I recently passed a man on the street, shabbily dressed, shoeless, and dirty. I don't know where he sleeps at night, but it wouldn't surprise me to learn he regularly lies down in doorways or under bridges. He was standing in front of a wall of tinted office windows, apparently seeing his own reflection. Both his expression and body were twisted into shapes that spoke of agony. He was soundlessly going through something either mentally or physically painful -- perhaps both.

The sight of him had woken me from a reverie. I'd been recalling a day from my childhood, one that had been perfumed with the scent of pine trees and damp earth. My body had been walking along a city sidewalk, but I'd been far away, both in terms of time and space, but this man's presence, his evident pain, brought me suddenly into the present where the dominate fragrance was heated concrete and exhaust.

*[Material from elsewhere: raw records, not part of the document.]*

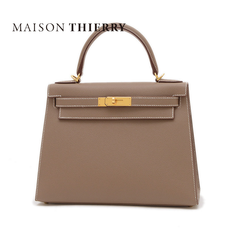 ケリー28 外縫い エプソン エトゥープ ゴールド金具 K刻印 ハンドバッグ レディース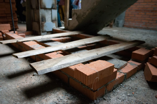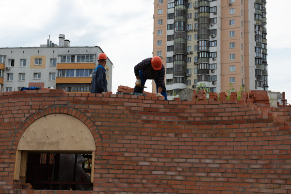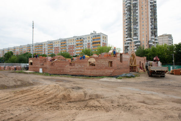 Завершился объезд на приходе строящегося храма бессребреников Космы и Дамиана в Северном Тушине, на ул. Вилиса Лациса, вл. 2/1, вл. 2/2. Сегодня здесь ведется кирпичная кладка стен основного объема церковного строения.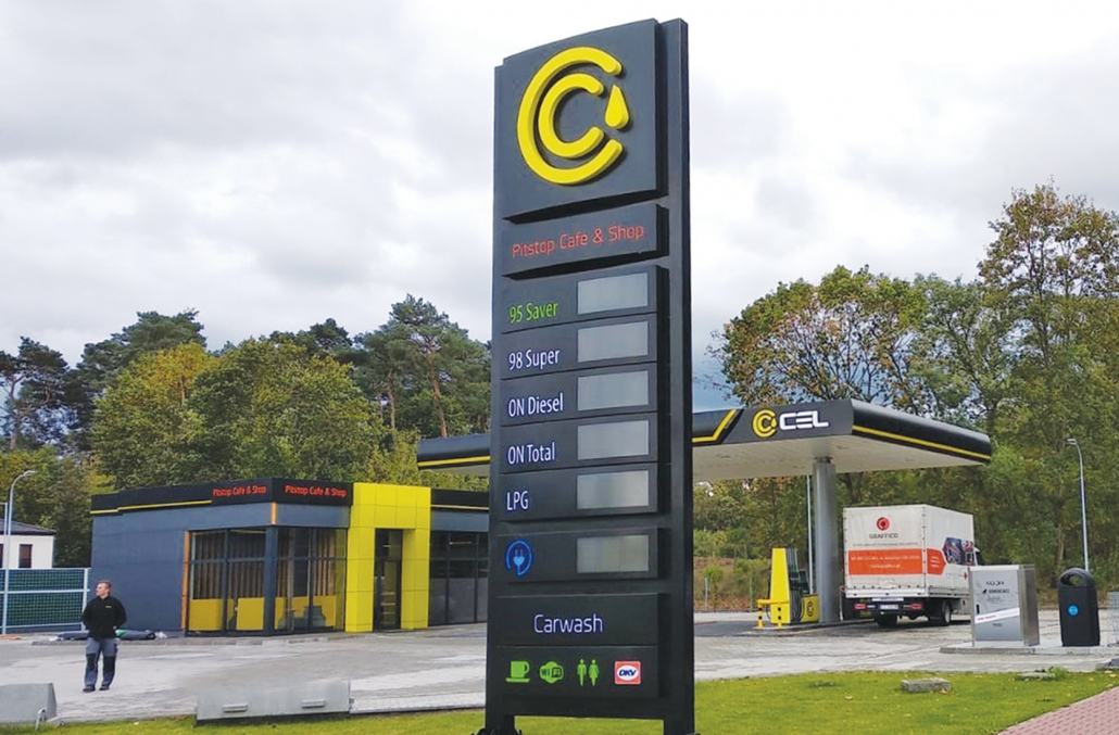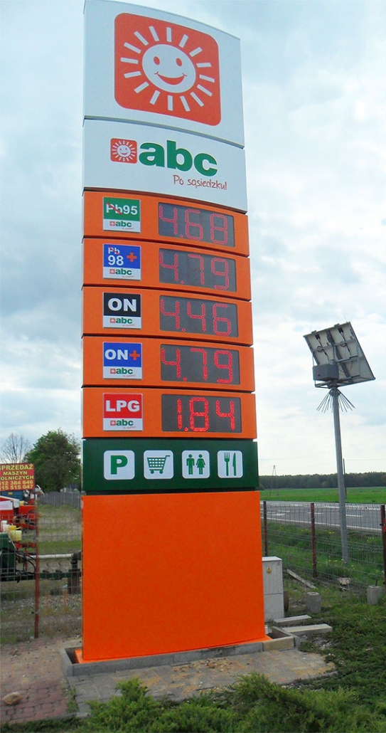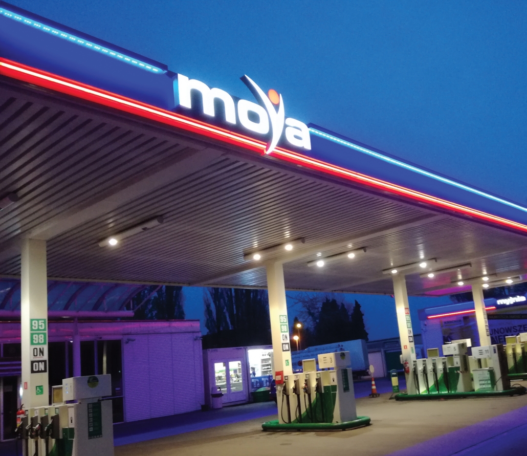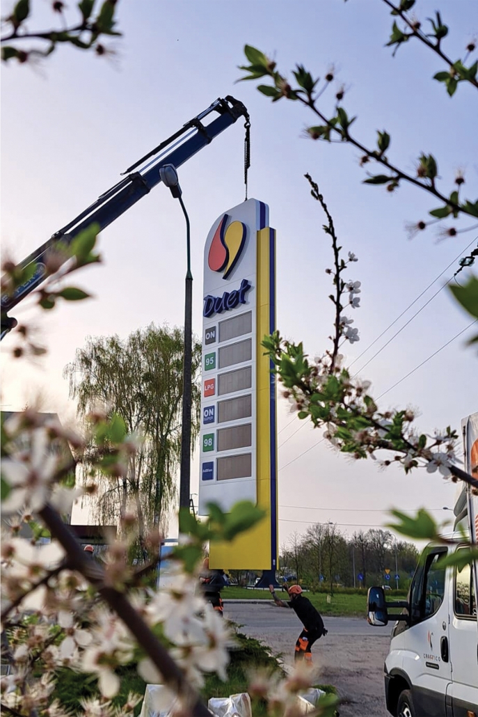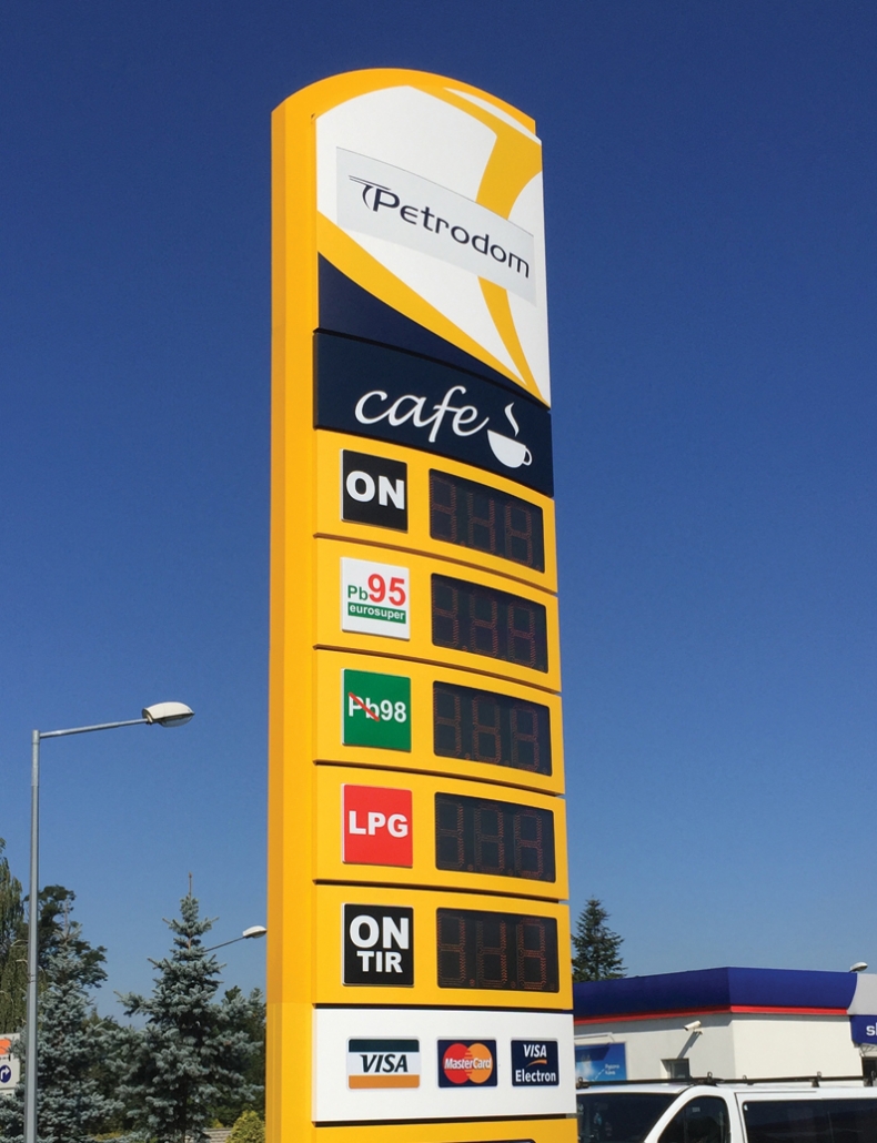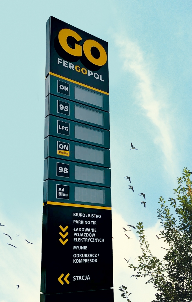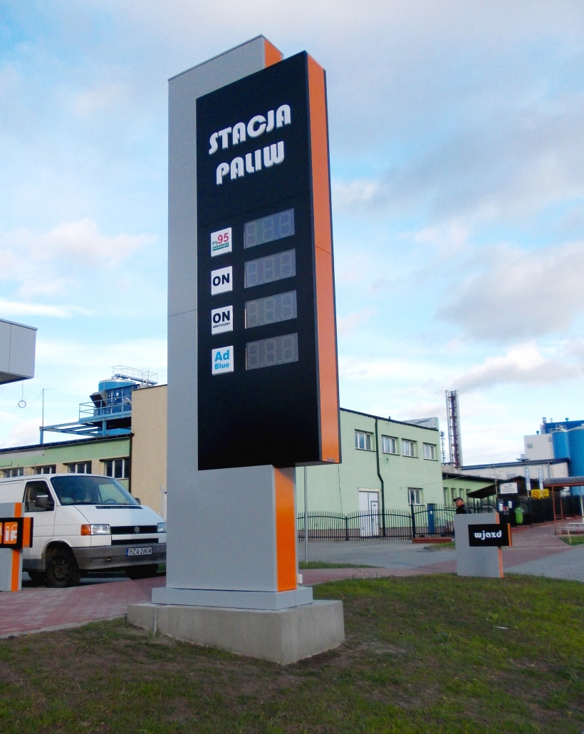 - Oznakowanie stacji paliw – elewacje, zadaszenia, dystrybutory, tablice informacyjne, systemy LED.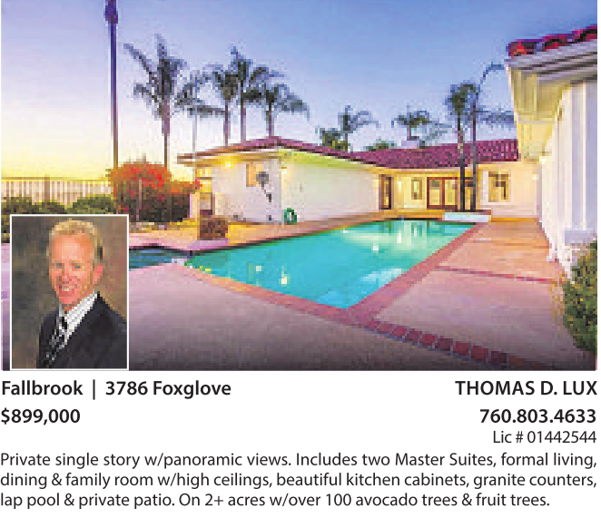 Fallbrook | 3786 Foxglove THOMAS D. LUX $899,000 760.803.4633 Lic #01442544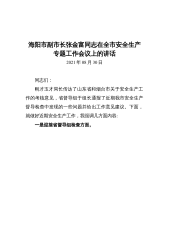 海阳市副市长张金富同志在全市安全生产专题工作会议上的讲话2021年08月30日同志们:刚才玉才局长传达了山东省和烟台市关于安全生产工作的考核意见,省督导组于组长通报了近期我市安全生产督导检查中发现的一些问题并给出工作意见建议。下面,就做好近期安全生产工作,我强调几方面内容:一是迎接省督导组检查方面,从于组长通报的在我市安全生产督导检查中发现的问题隐患以及近期上级通报的我市各领域安全生产工作问题来看,近段时间以来,我市的安全生产工作是有所懈怠的这种苗头千万不能出现,必须趁早遏制。虽然近期疫情防控、环保督查等工作牵扯大家精力较大,但安全生产工作没有万一,必须从一而终的做到坚持再坚持,否则,我们所做...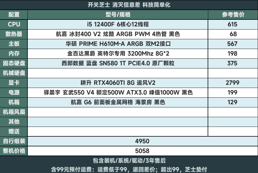 就是前面12400F+4060配置,顯卡換成了4060TI;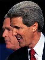 Die US-Wahlen: Kerry gegen Bush Wie wird die Wahl der US-Bürger am 2. November ausgehen? George W. Bush? Oder John Kerry, der Mann mit den Initialen von John F. Kennedy? Wann wird das Ergebnis der Wahl geben? Wird es wieder Betrugsvorwürfe geben?Fragen über Fragen, und schon bald sind sie beantwortet. Schon jetzt, ein paar Tage vor der Wahl gibt es Computerpannen, welche an das Chaos in Florida von vor vier Jahren erinnert, wo wenige hundert Stimmen über den Ausgang der letzten Wahl entschieden. Jeden Tag gibt es neue Umfragen über die US-Wahl, doch immer ist es ein Kopf an Kopf-Rennen. Den einen Tag geht es für die Republikaner (Bush) auf, am nächsten Tag sind die Umfragewerte für die Demokraten (Kerry) besser. Bush-Gegner Michael Moore ist engagiert wie noch nie: Er verzichtet sogar auf einen möglichen Oskar seines Filmes "Fahrenheit 9/11", damit er am Tag vor der Wahl im US-Fernsehen ausgestrahlt werden kann. Auch im deutschen Fernsehen könnte man am 2. und 3. November glauben, es wäre die Wahl in der Bundesrepublik: Denn zahlreiche Sender berichten mit Reportern live aus den Vereinigten Staaten. Fabian (Redakteur) |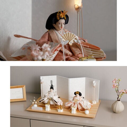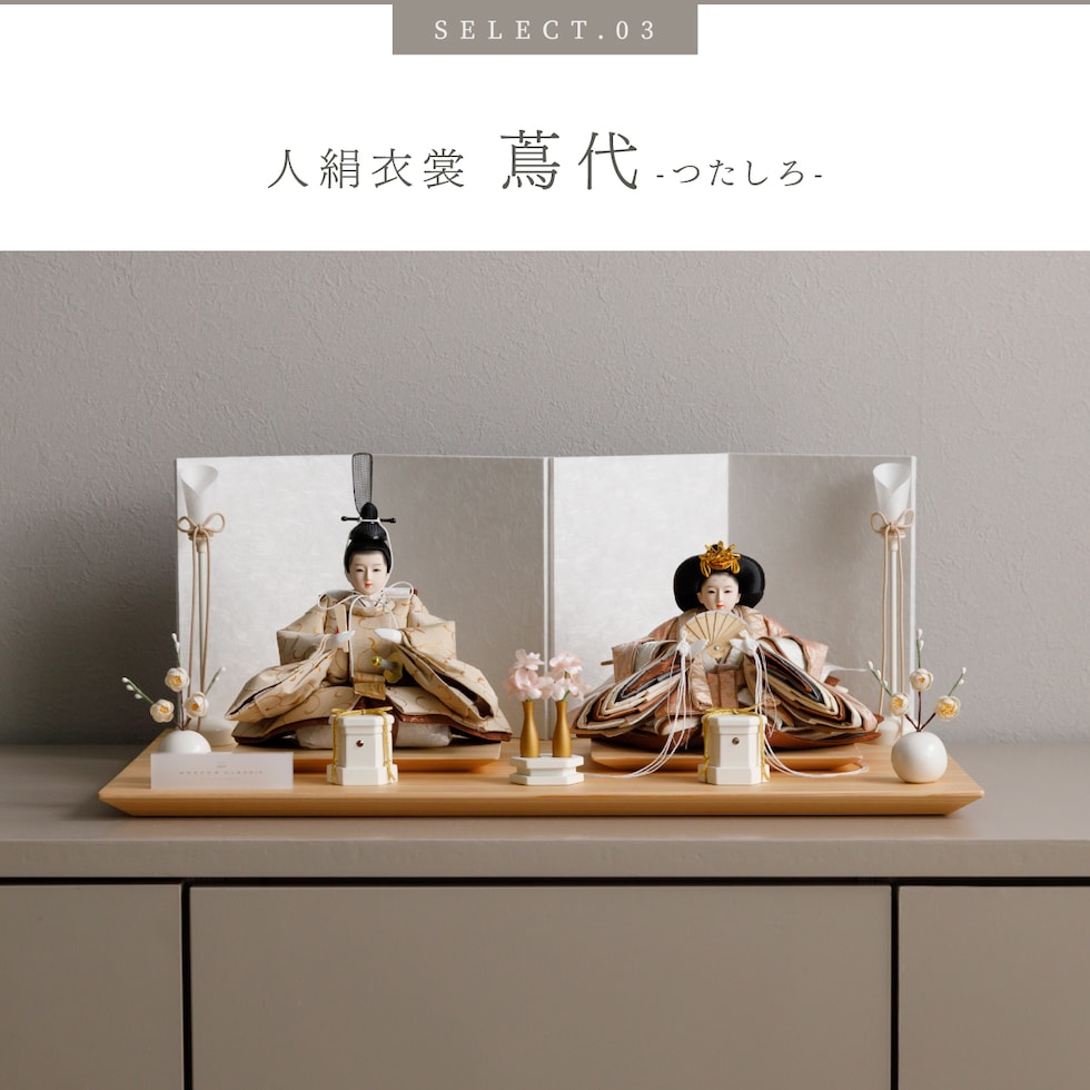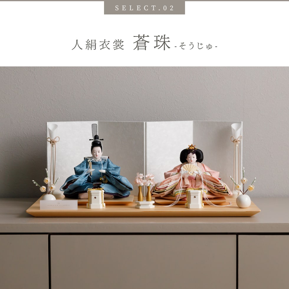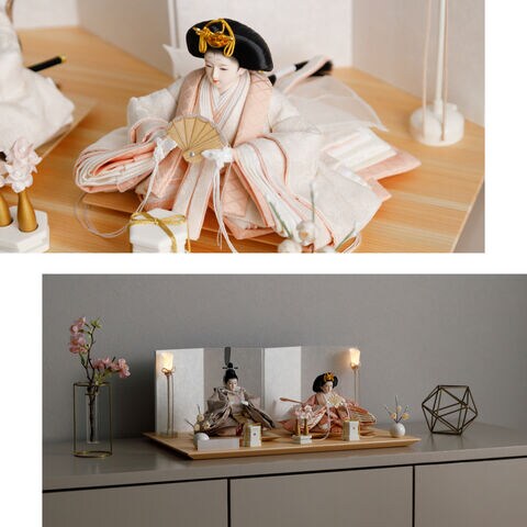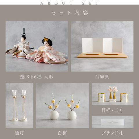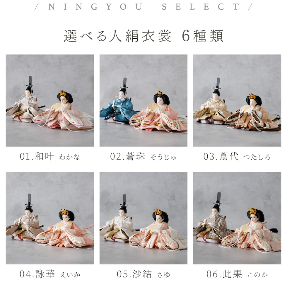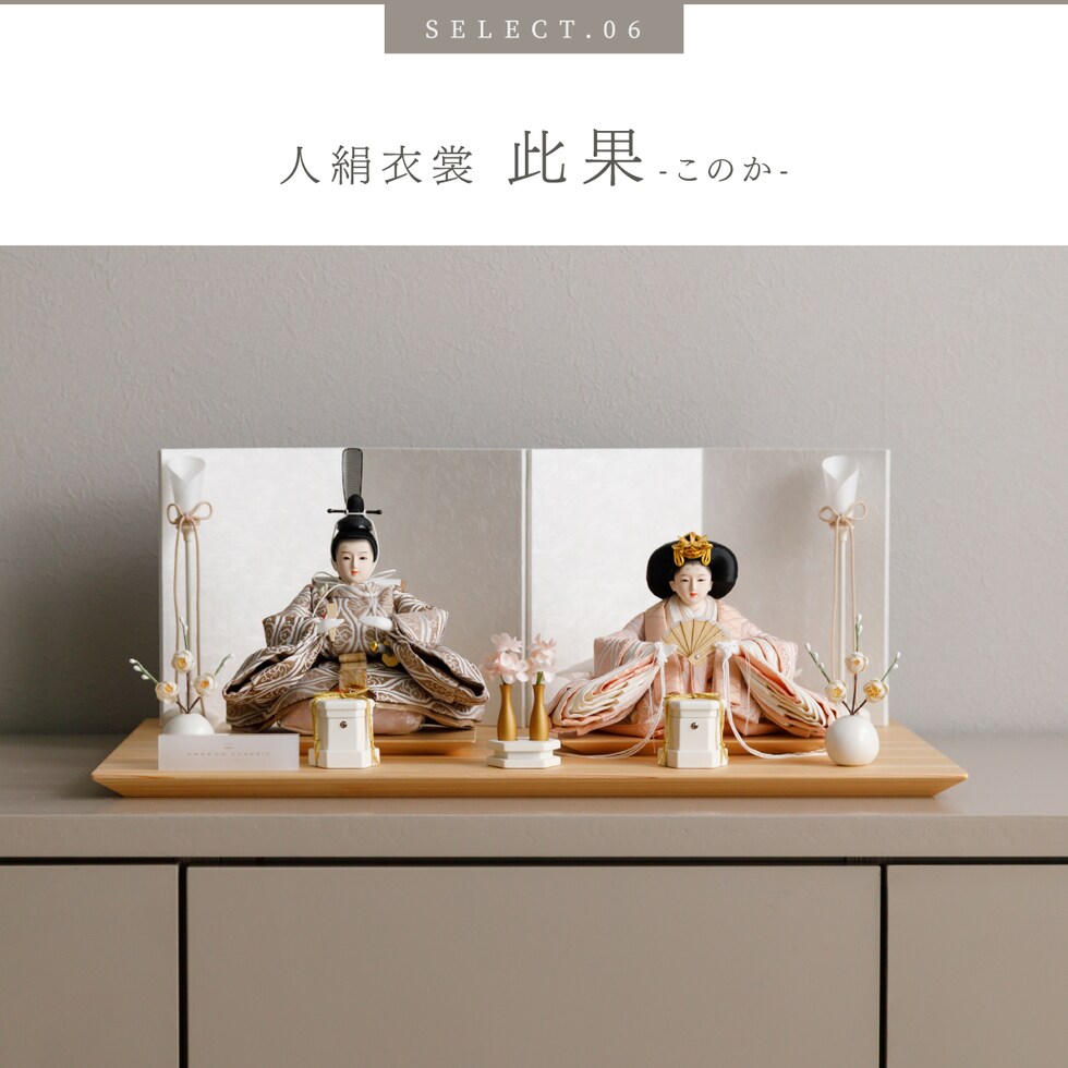 雛人形 おしゃれ モダン 親王飾り インテリア お雛様 雛 高級 PREFER CLASSIC ひな人形 [檜台 白屏風 平飾り お道具付 貝桶三方 油灯 白梅 人形極小サイズ 選べる人絹衣裳6種類 和叶 蒼珠 蔦代 詠華 沙結 此果] 【沙結】

As I approached the man whose body writhed, turning first in upon itself then back out, I wondered if I'd been wrong. Maybe he was just playing with his reflection the way we often do as children, making faces, contorting bodies. Whatever the case, he was in his own world, possibly somewhere that was perfumed by pine trees and damp earth. At least it seemed that way because he didn't seem to take note of me, nor any of the other passersby. Whatever the case, his was a place made more profoundly separate from mine, I expect, by mental illness.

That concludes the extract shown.